修复师温和一笑,“是不是坐这大半天太累了?出去走动走动。”她很喜欢这个小徒弟,听琴悟性极高,兼之年纪又小——至少在她眼中看来,是比她小孙女年纪还小——因此工作之余不免将他当作亲近的晚辈,此刻也只当听琴是在室内坐了大半天没活动,就想着让他出去活动一下。
“我……”
眼见听琴想拒绝,修复师立刻催促起来,“去瞧瞧咱们院子里那颗海棠的果子红了没有,红了就摘下来吃了,别又让考古组那帮人给咱们偷摸了去。”
听琴想到贺信陵喜欢吃海棠果,立刻转了主意,脆生生地应了一句,披上外套扭头就跑了出去,瞧得他的老师忍俊不禁,“哎呀,还是个小孩子呢。”

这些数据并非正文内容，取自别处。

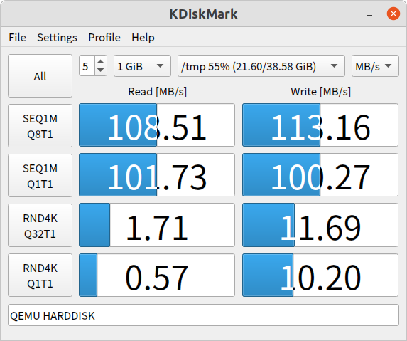 仮想マシン(Ubuntu)でストレージを NFS に移動して測定してみた。当たり前だけど GbE の制限があるところ、ほぼ DS118 の仕様どおりの速度が出ている。
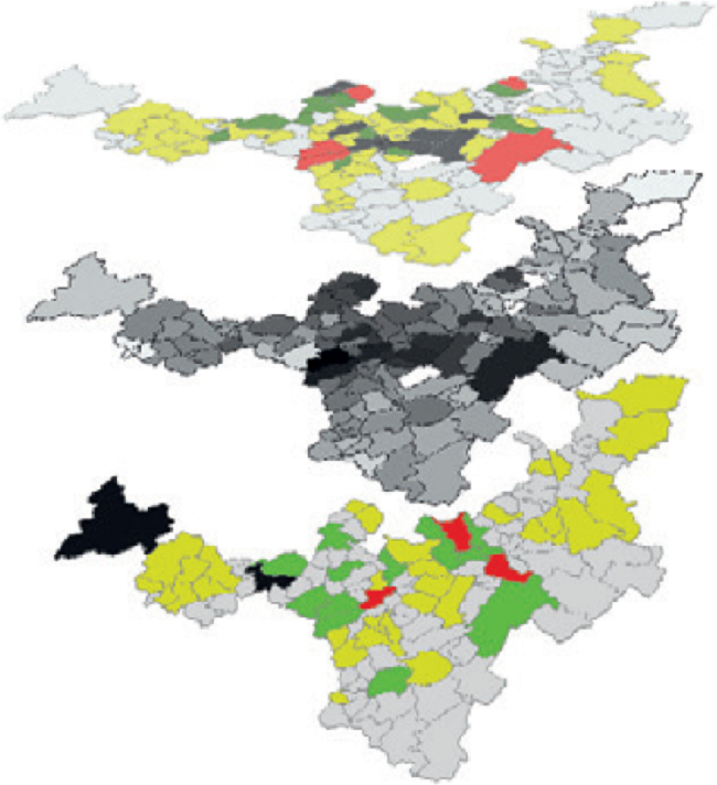 A combination of three layers displayed previously is rendered now in Figure 5. Higher and lower maps render the local values for agricultural output and population, respectively. But the interesting information is rendered in the intermediate map, because it represents the outcomes turned out from the gravitation formula [1]. There can be appreciated more clearly the influence of the masses (output and population) on the results of gravitation model, and there also appear some insights about the distance between municipalities. It is exhibited there the most important zone in terms of spatial interaction around Boyacás main city. According to the results, important agricultural points are concentrated geographically in the state looking for supplying strong outer demand.
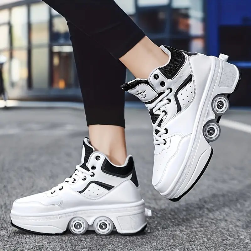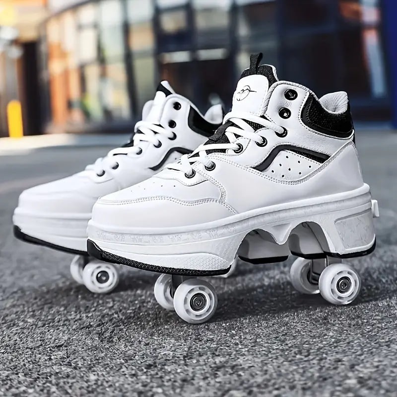 Boy's Trendy High Top Roller Shoes With 4 Detachable Wheels, Comfy Lace Up Casual Skate Sneakers
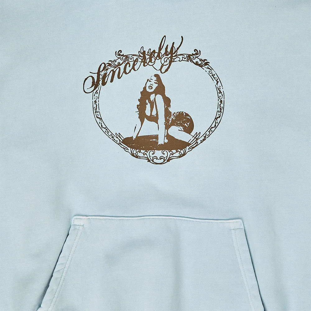 Blue garment dyed pullover hoodie featuring image/graphics on front, printed tour cities on back.
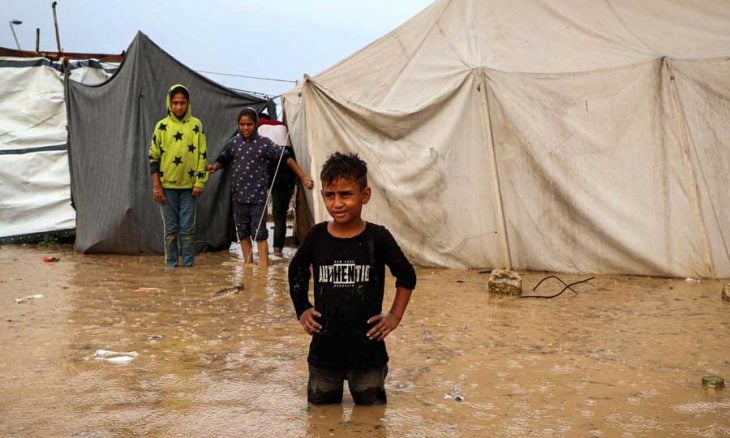 豪雨はハーン・ユーニス西部のマワースィー地区で多くのテントを浸水させた。さらにガザ市のいくつかの地域や、地区中央部で、豪雨によってできた水たまりが避難民のテントの中へと流れ込み、内容物を損傷させた。
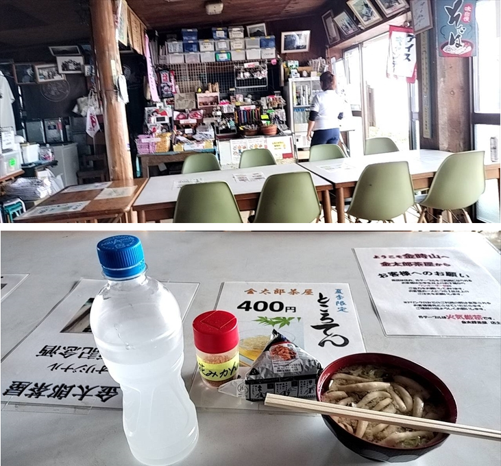 9時少し前に金時神社の登山者用無料駐車場(8台)に到着、ここから登り始めます。仙石原ルートに比べ少し距離がありますが、登りはだらか・、尾根があるので歩きやすいと思います。10時7分頂上に到着、霧がかかり寒いので金太郎茶屋の中で休憩させてもらうことにしました。
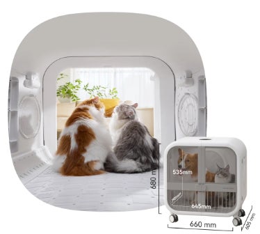 135Lの大容量(内部寸法W664*L400*H535mm)の為、胴長な子や多頭飼いのご家庭でもゆったりとドライヤータイムをお過ごしいただける仕様となっております。
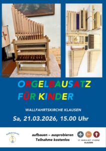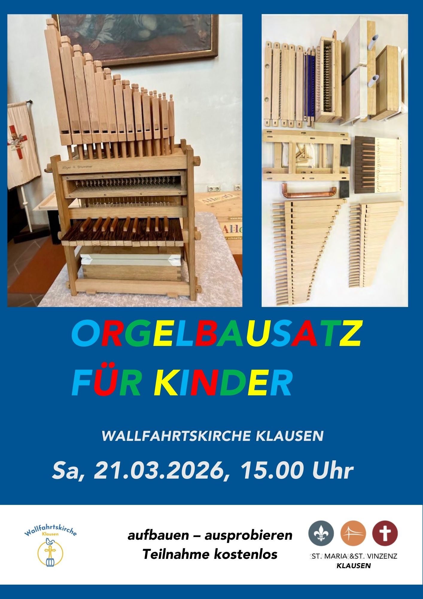 Am Samstag, 21.03.2026 um 15.00 Uhr haben Kinder die Möglichkeit, in der Wallfahrtskirche Klausen eine kleine Orgel aufzubauen. Es handelt sich um einen speziell für Kinder entwickelten Orgelbausatz, der vom Bistum Trier kostenlos zur Verfügung gestellt wird. Christopher Schmitt erklärt die einzelnen Teile, die zu einer Orgel gehören. Am Ende können die Kinder auf dem fertig zusammengebauten Instrument selbst spielen. Der Aufbau dauert etwa eineinhalb Stunden. Die Teilnahme ist kostenlos, eine Anmeldung ist nicht erforderlich.

听琴踮着脚去够长在最高处那枚红彤彤的海棠果,几片雪花落在他鼻尖,冻得他打了个喷嚏,喃喃道:“刚才我是想找什么来着……”
刚才他想找的那只黑鹤,眼下正在白砚琮附近盘桓不去。
若是李煦在这里,只怕一眼就能认出,这黑鹤同那天夜里袭击她的鹤长得别无二致,连瞳孔中的冷光都是一样的令人脊背生寒。
只是眼下,这只黑鹤却再没有了当日的威风,反而像只没头苍蝇似的在园内横冲直撞,看着好不狼狈。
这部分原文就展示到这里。